Top of EXERCISE MATERIALS

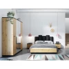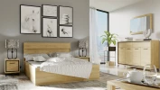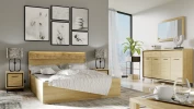 Úložných priestorov by v spálni nemalo byť mnoho, aby sa zachovala vzdušnosť izby, ale pokiaľ napríklad dom alebo byt nedisponuje samostatnou šatňou, prípadne komorou, je nevyhnutné umiestniť tu šatníkové skrine, ktoré pravdepodobne zaberú najväčšiu časť priestoru miestnosti. Šatníkovú skriňu si je možné dať vyrobiť na mieru, aby presne kopírovala vyhradený priestor na ukladanie oblečenia a nielen toho. Odporúča sa doplniť ju posuvnými dverami, ktoré nezaberú žiadne miesto pri otváraní na rozdiel od klasických. Na dvere sa často upevňuje zrkadlo, vďaka ktorému sa opticky zväčší priestor a nie je ďalej nutné si obstarávať samostatne stojace. Vnútorné vybavenie skrine je možné zostaviť podľa prianí majiteľov – na výber sú klasické police, posuvné rošty, zásuvky, drôtené systémy, tyče pevné a teleskopické. Okrem šatníkových skríň sú v spálni potrebné nočné stolíky. Nočný stolík by mal mať každý z partnerov, väčšinou sa kupuje stolík samostatne stojaci, ale nie je výnimkou aj pripevnený priamo na boku či čele postele. Každý stolík by mal byť doplnený lampou, v najlepšom prípade takou, ktorá a môže nahýbať a výškovo posúvať tak, aby perfektne slúžila pri čítaní v posteli. Ďalším doplnkom z úložných priestorov sú komody, ktoré môžete využiť na periny – tzv. „perináče“ alebo ako miesto na ukladanie čistej posteľnej bielizne.
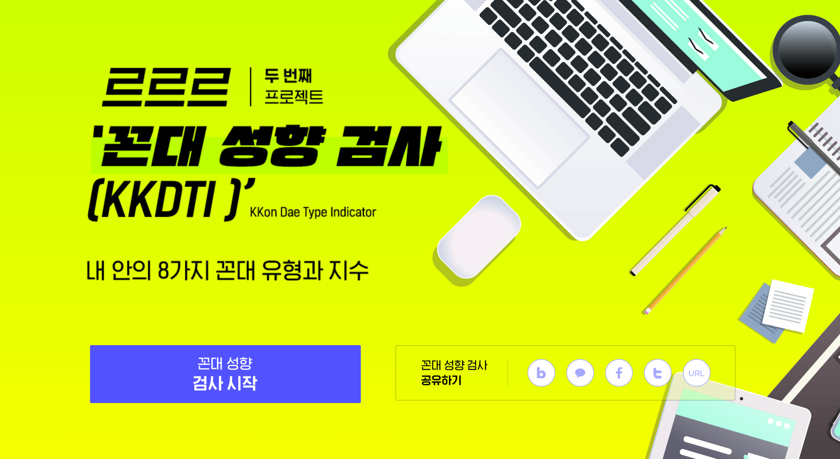 - 직장 생존 능력 고사, 첫인상 테스트, 이십세들 덕심 테스트, 연애 능력 테스트, 인터넷 '밈' 고인물 테스트
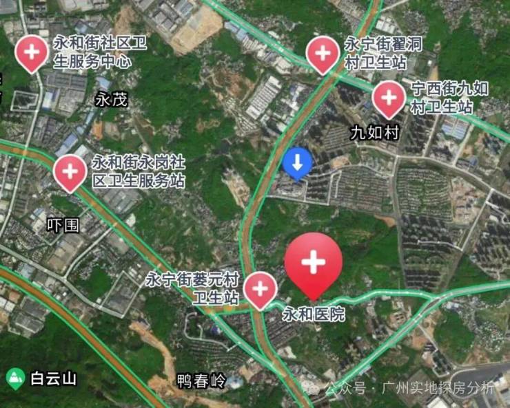 周边有南方医院和广州东部医疗中心(总投资10亿),永和医院(广州医学院第一附属医院医疗技术指导医院)。
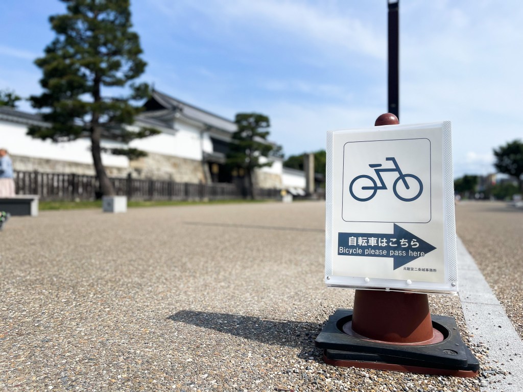 過了馬路,變成二条城大手門前方的道路跑前進,這裡的規劃很不錯,是人行道與腳踏車到分離,在往前方一點便看到哨所入口以及東大手門,在此可以看到前方有許多排隊購票入園的旅客正在這裡等待開園,我看一下時間,原來0845才能入園。
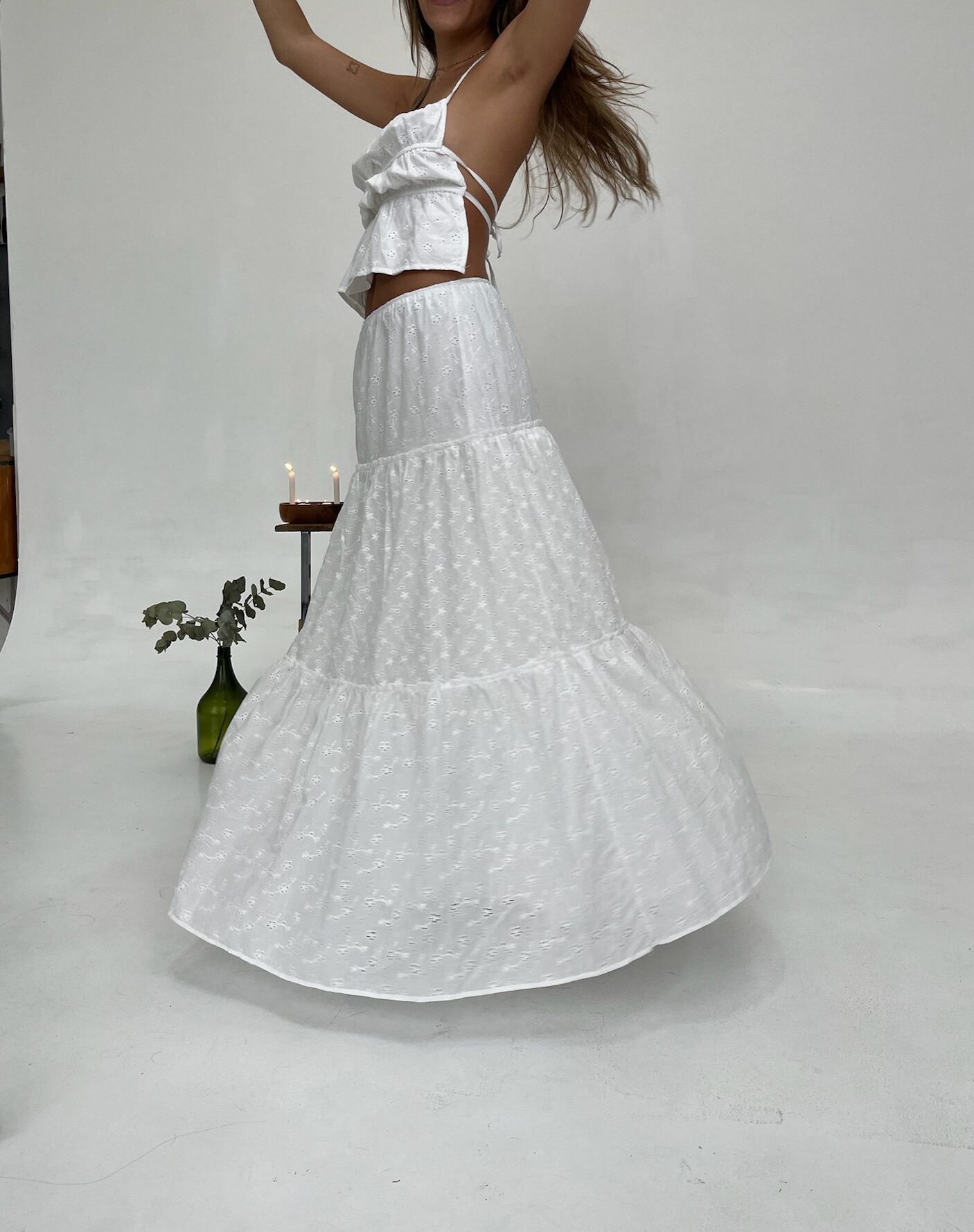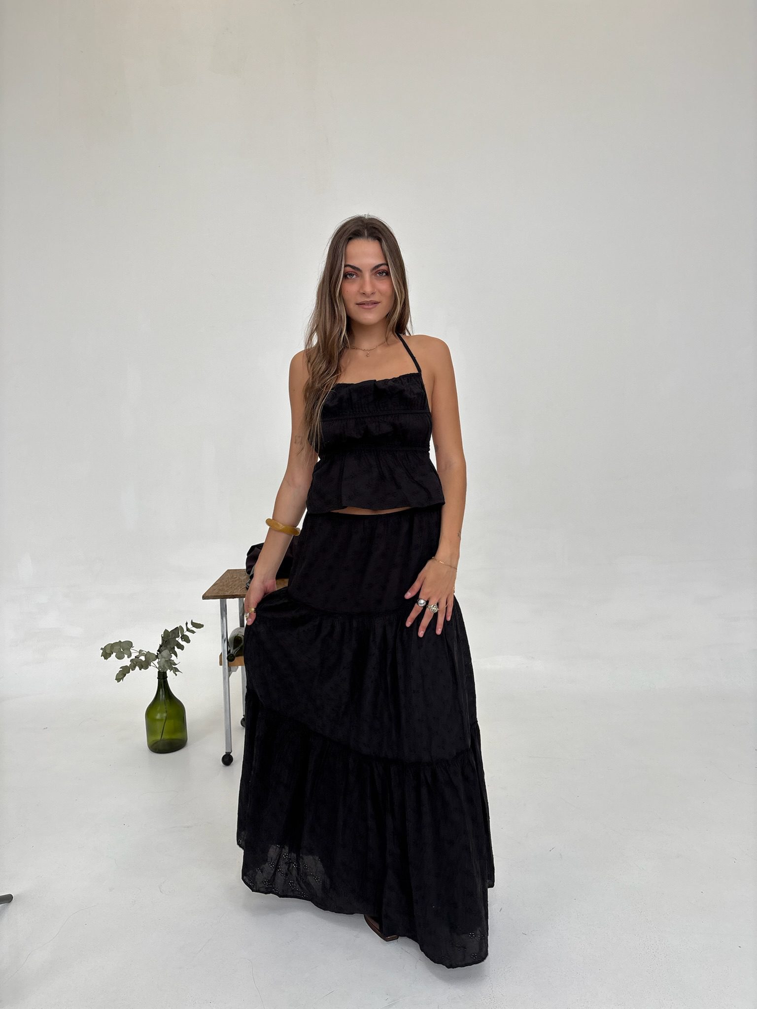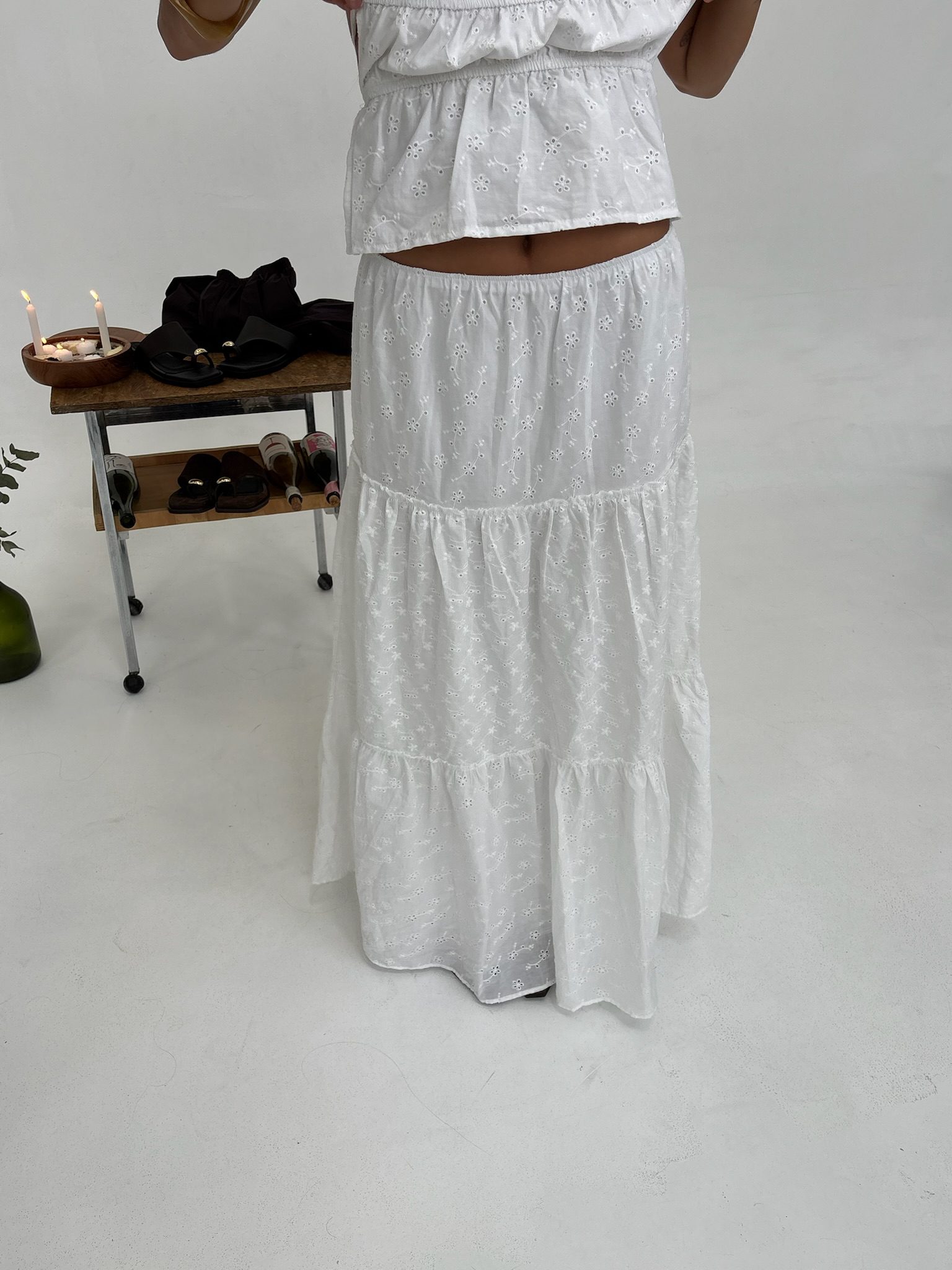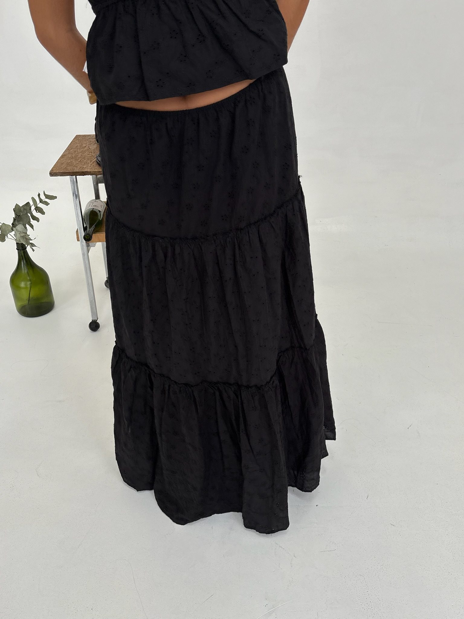 La MAXI FALDA AMAPOLA es la pieza clave para un estilo Boho Chic en tendencia. Confeccionada en exquisito tejido Broderie (bordado calado), esta falda larga presenta un diseño de volados en capas que ofrecen movimiento y volumen. Su cintura elástica garantiza un calce cómodo y favorecedor. Disponible en Blanco y Negro.
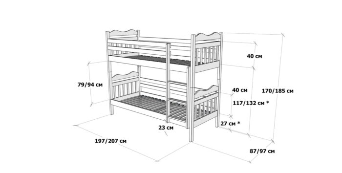 Pentru siguranță, nivelul superior este prevăzut cu protecții laterale solide, iar baza pentru saltea este realizată din lamele ortopedice curbate, care asigură susținere optimă și confort în timpul somnului.
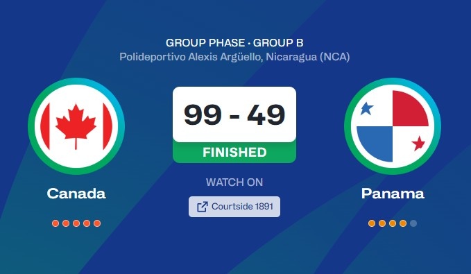 8月24日訊 今天結束的一場(chǎng)男籃美洲杯小組賽,加拿大男籃99比49大勝巴拿馬男籃50分。
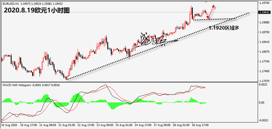 欧元策略:1.1920区域多,止损1.1870,目标1.200,1.2080
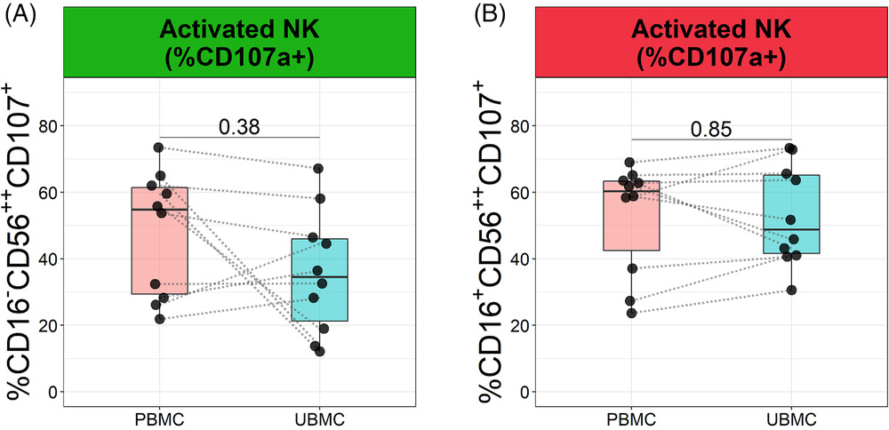為了比較CD16-CD56++和CD16+CD56++細(xì)胞在胎盤床和外周血中的活化狀態(tài),本文檢測了細(xì)胞表面脫顆粒標(biāo)志物CD107a的表達(dá)。胎盤床血中活化CD16-CD56++細(xì)胞的百分比與外周血相當(dāng)(分別為35.87 ± 5.84%和47.84 ± 5.91%)(圖3A)。同樣,胎盤床血中活化CD16+CD56+細(xì)胞的百分比與外周血相似(分別為52.86 ± 4.74%和52.76 ± 5.29%)(圖3B)。

Bottom of EXERCISE MATERIALS

◆ WHAT TO WORK ON:
From the first line of the records through the line containing "欧元策略:1.1920区域多,止损1.1870,目标1.200,1.2080", please output exactly those lines and nothing more, leaving out the pictures.

◆ ANSWER TO THE PROBLEM:
 Úložných priestorov by v spálni nemalo byť mnoho, aby sa zachovala vzdušnosť izby, ale pokiaľ napríklad dom alebo byt nedisponuje samostatnou šatňou, prípadne komorou, je nevyhnutné umiestniť tu šatníkové skrine, ktoré pravdepodobne zaberú najväčšiu časť priestoru miestnosti. Šatníkovú skriňu si je možné dať vyrobiť na mieru, aby presne kopírovala vyhradený priestor na ukladanie oblečenia a nielen toho. Odporúča sa doplniť ju posuvnými dverami, ktoré nezaberú žiadne miesto pri otváraní na rozdiel od klasických. Na dvere sa často upevňuje zrkadlo, vďaka ktorému sa opticky zväčší priestor a nie je ďalej nutné si obstarávať samostatne stojace. Vnútorné vybavenie skrine je možné zostaviť podľa prianí majiteľov – na výber sú klasické police, posuvné rošty, zásuvky, drôtené systémy, tyče pevné a teleskopické. Okrem šatníkových skríň sú v spálni potrebné nočné stolíky. Nočný stolík by mal mať každý z partnerov, väčšinou sa kupuje stolík samostatne stojaci, ale nie je výnimkou aj pripevnený priamo na boku či čele postele. Každý stolík by mal byť doplnený lampou, v najlepšom prípade takou, ktorá a môže nahýbať a výškovo posúvať tak, aby perfektne slúžila pri čítaní v posteli. Ďalším doplnkom z úložných priestorov sú komody, ktoré môžete využiť na periny – tzv. „perináče“ alebo ako miesto na ukladanie čistej posteľnej bielizne.
 - 직장 생존 능력 고사, 첫인상 테스트, 이십세들 덕심 테스트, 연애 능력 테스트, 인터넷 '밈' 고인물 테스트
 周边有南方医院和广州东部医疗中心(总投资10亿),永和医院(广州医学院第一附属医院医疗技术指导医院)。
 過了馬路,變成二条城大手門前方的道路跑前進,這裡的規劃很不錯,是人行道與腳踏車到分離,在往前方一點便看到哨所入口以及東大手門,在此可以看到前方有許多排隊購票入園的旅客正在這裡等待開園,我看一下時間,原來0845才能入園。
 La MAXI FALDA AMAPOLA es la pieza clave para un estilo Boho Chic en tendencia. Confeccionada en exquisito tejido Broderie (bordado calado), esta falda larga presenta un diseño de volados en capas que ofrecen movimiento y volumen. Su cintura elástica garantiza un calce cómodo y favorecedor. Disponible en Blanco y Negro.
 Pentru siguranță, nivelul superior este prevăzut cu protecții laterale solide, iar baza pentru saltea este realizată din lamele ortopedice curbate, care asigură susținere optimă și confort în timpul somnului.
 8月24日訊 今天結束的一場(chǎng)男籃美洲杯小組賽,加拿大男籃99比49大勝巴拿馬男籃50分。
 欧元策略:1.1920区域多,止损1.1870,目标1.200,1.2080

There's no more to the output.